◆ **What the task asks**:
Copy the data that follows, character for character, minus the pictures.

◆ **Data below**:
----

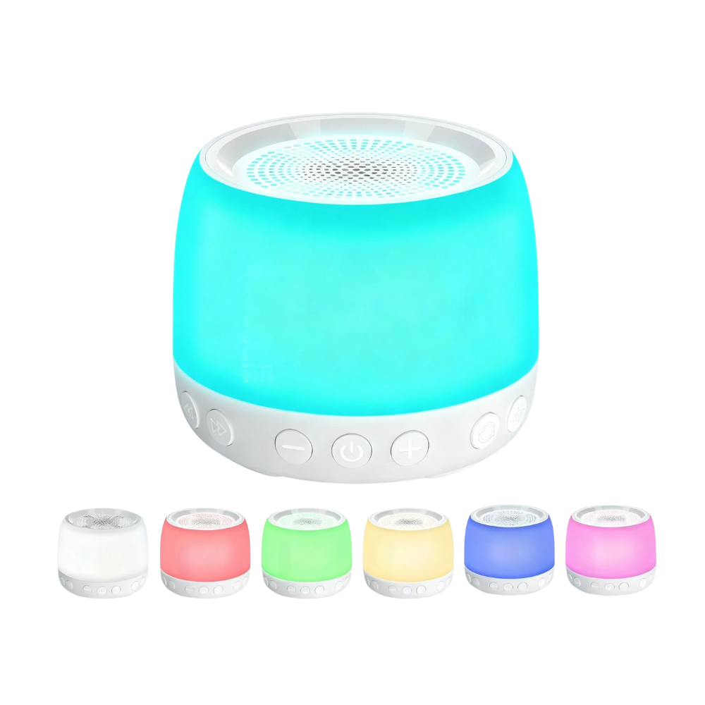 Lunora uyku ses cihazı; yağmur, dalga, orman, kuş ve ninni gibi doğal tonları beyaz gürültüyle birleştirerek dış sesleri nazikçe maskeler, yanında yumuşak gece lambasıyla sıcak bir uyku alanı oluşturur.
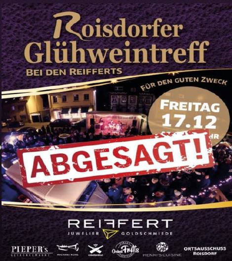 Schweren Herzen, hat die Familie Juweliere Reiffert den traditionellen Roisdorfer Glühweintreff auch in diesem Jahr abgesagt. Wir stehen, wenn es auch schwerfällt, hinter dieser Entscheidung.
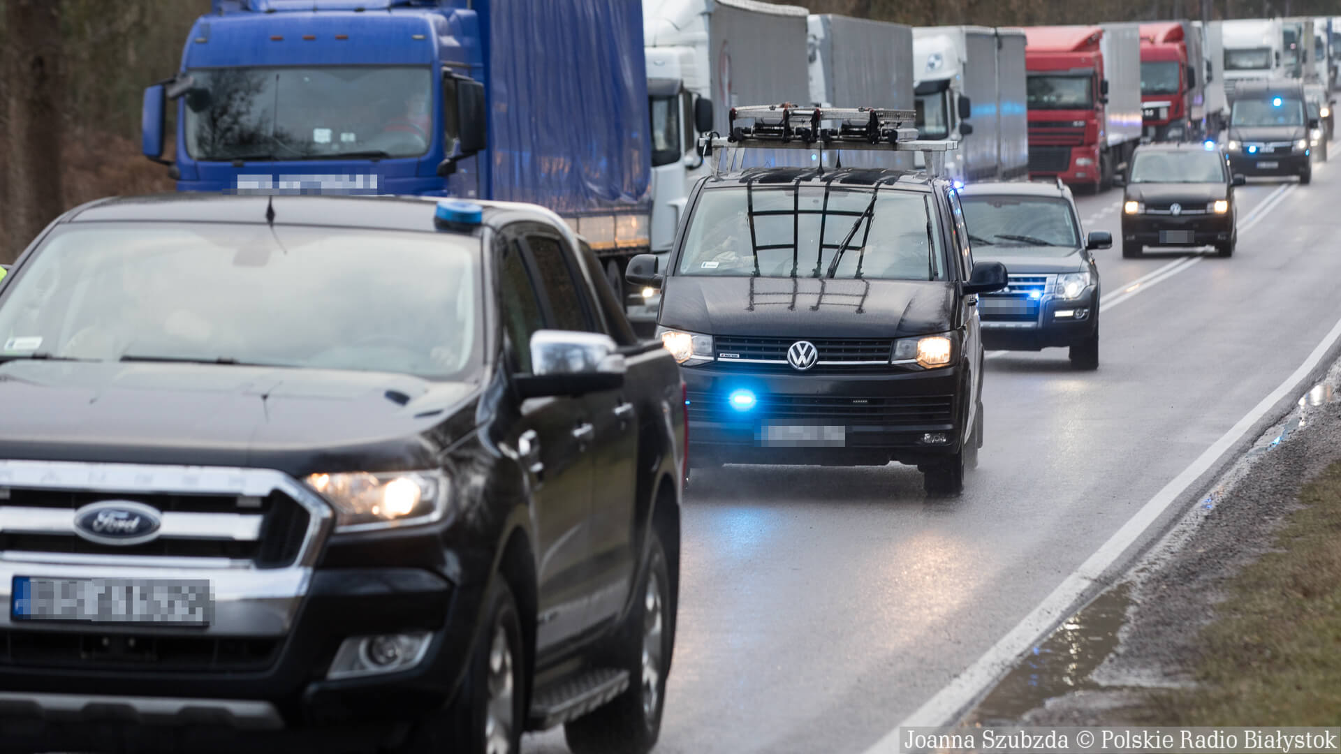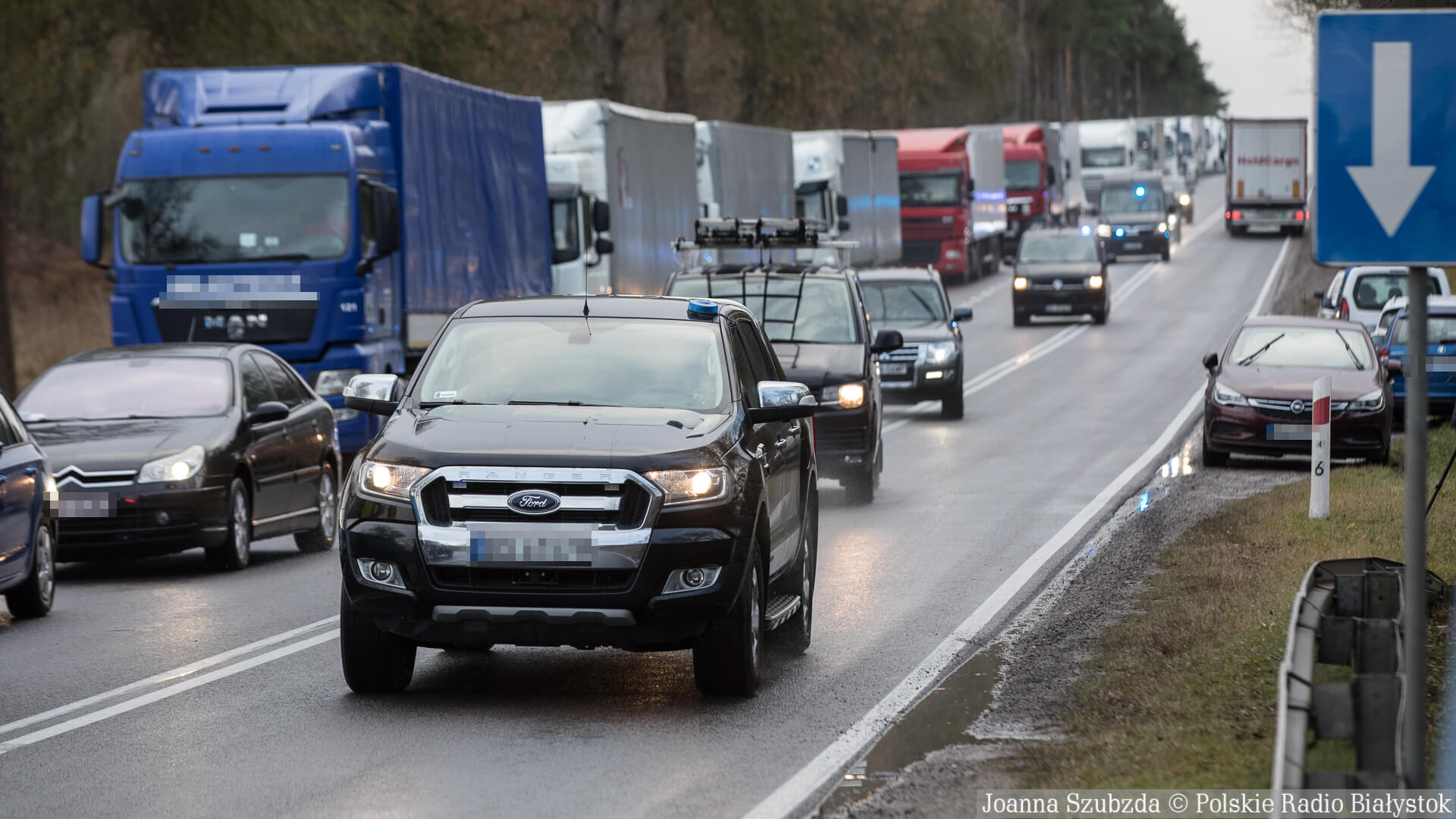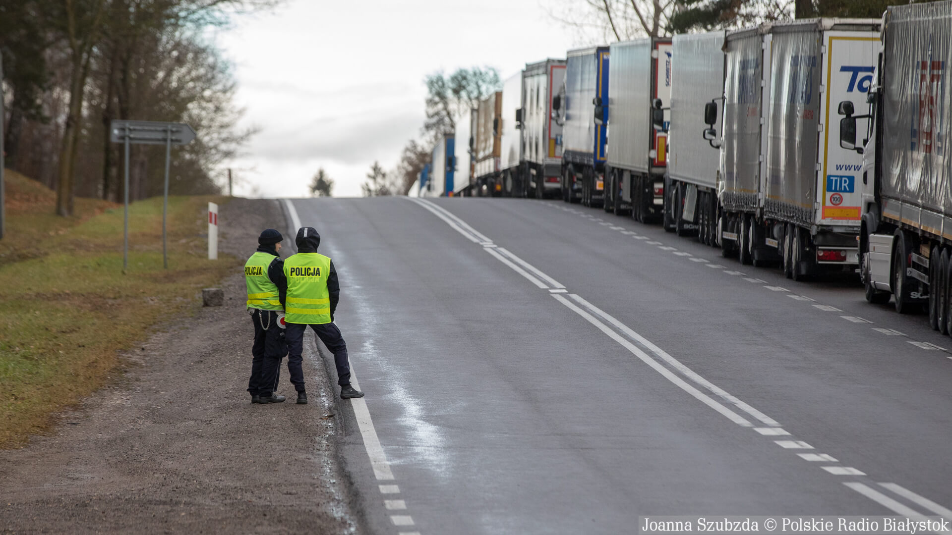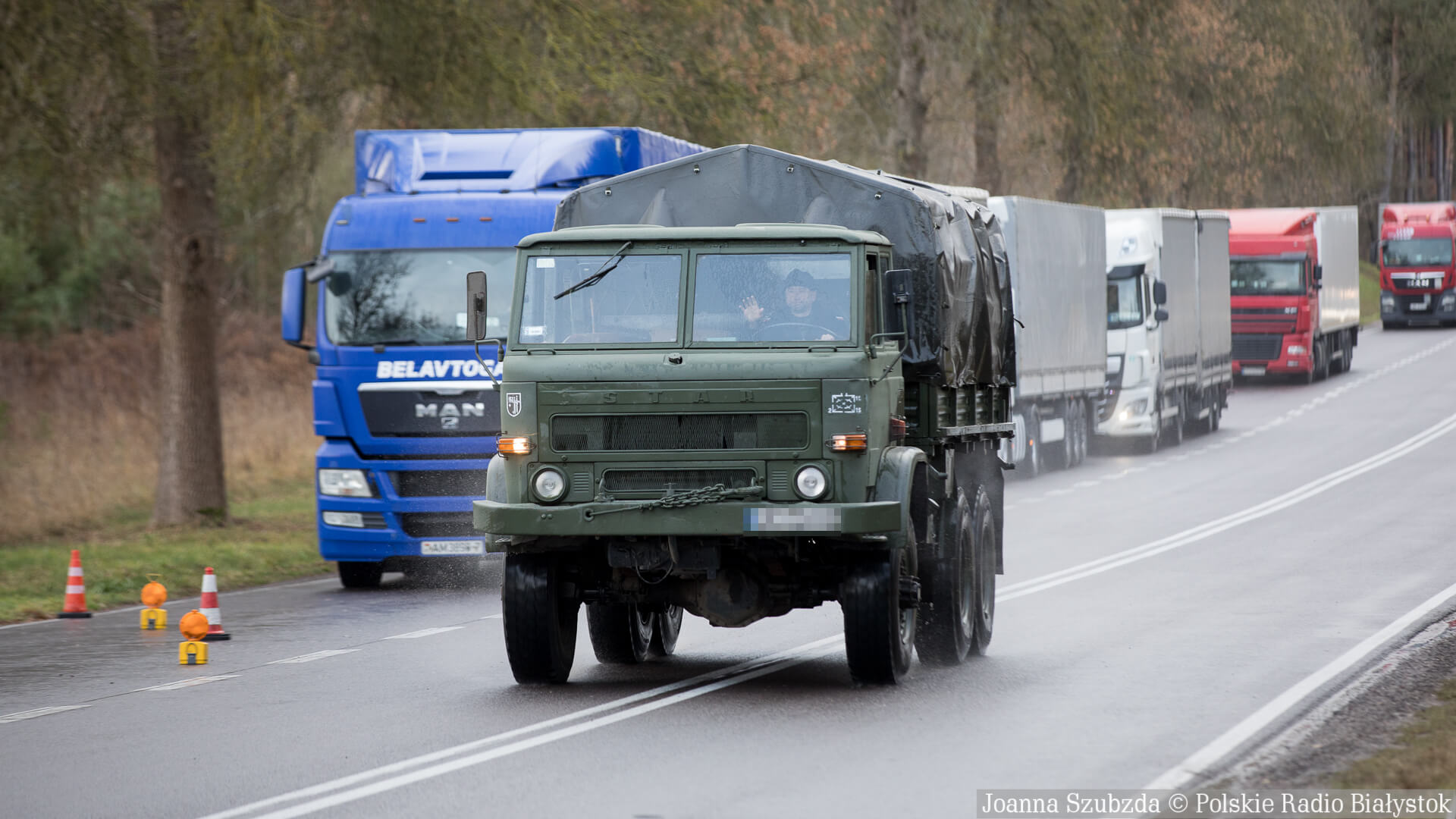 Ruch na drodze do Kuźnicy jest niewielki. Większość samochodów ma białoruskie numery rejestracyjne. Jest też długa kolejka tirów, która stoi na poboczu.
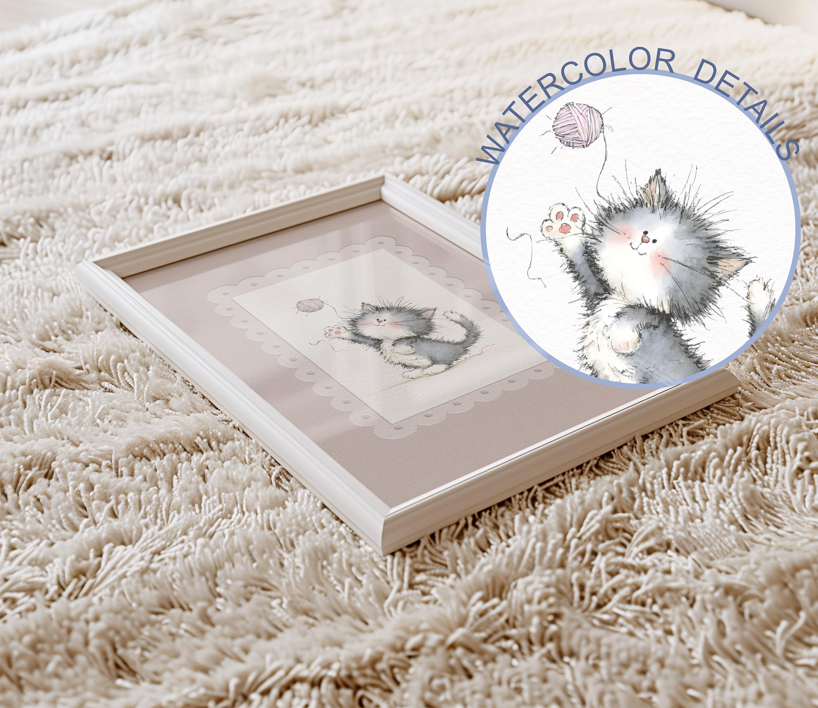 The soft blush tones, delicate frames, and charming kitten characters make this set perfect for creating a warm and comforting nursery environment while keeping a timeless aesthetic that grows with your child.

----

◆ **Response box**:
 Lunora uyku ses cihazı; yağmur, dalga, orman, kuş ve ninni gibi doğal tonları beyaz gürültüyle birleştirerek dış sesleri nazikçe maskeler, yanında yumuşak gece lambasıyla sıcak bir uyku alanı oluşturur.
 Schweren Herzen, hat die Familie Juweliere Reiffert den traditionellen Roisdorfer Glühweintreff auch in diesem Jahr abgesagt. Wir stehen, wenn es auch schwerfällt, hinter dieser Entscheidung.
 Ruch na drodze do Kuźnicy jest niewielki. Większość samochodów ma białoruskie numery rejestracyjne. Jest też długa kolejka tirów, która stoi na poboczu.
 The soft blush tones, delicate frames, and charming kitten characters make this set perfect for creating a warm and comforting nursery environment while keeping a timeless aesthetic that grows with your child.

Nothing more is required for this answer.